Small town mayor murdered in Mexico was accused of killings

MEXICO CITY (AP) — The mayor of a small town in Mexico’s Gulf coast state of Veracruz was found murdered Wednesday, four months after her police chief was shown in a video accusing her of ordering officers to abduct people in order to kill them.

Veracruz Gov. Cuitláhuac Garcia said the body of Florisel Ríos, mayor of the town of Jamapa, had been found Wednesday.

Gov. Garcia pledged the killers would be brought to justice, though he also acknowledged there were criminal investigations open against current and former town officials.
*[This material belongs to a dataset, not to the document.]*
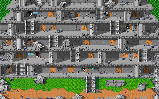 | A.往波里斯大陸 B.龐貝城 C.石廟 D.巨石神兵 E.圓形迷宮 F.馬特龍宮殿 |
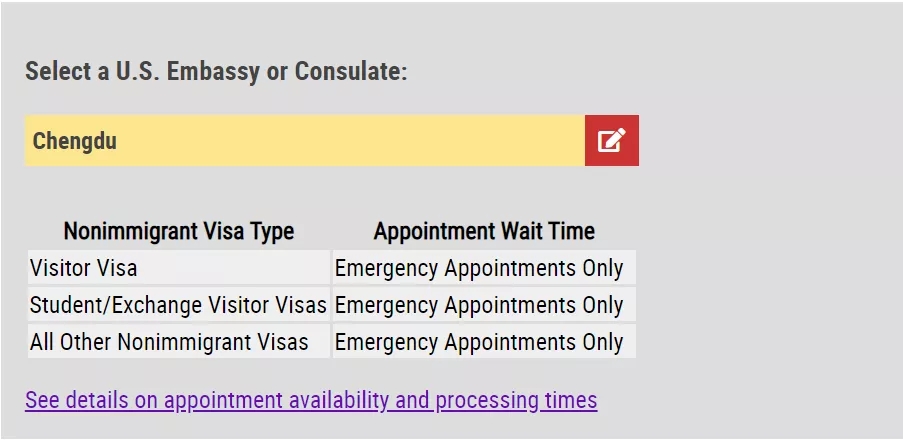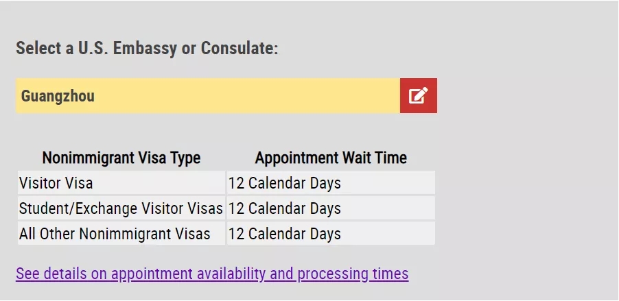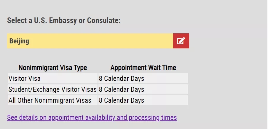 美国国务院领事事务局(U.S. Department of State)官网:https://travel.state.gov/content/travel/en/us-visas/visa-information-resources/wait-times.html

The former police chief of Jamapa, Miguel Castillo, disappeared in July and hasn’t been seen since.

But he was shown in a video apparently made after his disappearance, blindfolded and unclothed, making the accusations as other men interrogated him. Such videos are commonly made by drug cartels in Mexico.

In a letter July 26, Ríos denied Castillo's accusations, banding them “totally false.”

The opposition Democratic Revolution Party said in a statement that Ríos and other mayors had complained of harassment and persecution by the state government. Gov. Garcia belongs to President Andrés Manuel López Obrador's Morena party.

The state of Veracruz has been plagued by drug cartel turf wars, kidnappings and disappearances in which police were frequently involved in the past.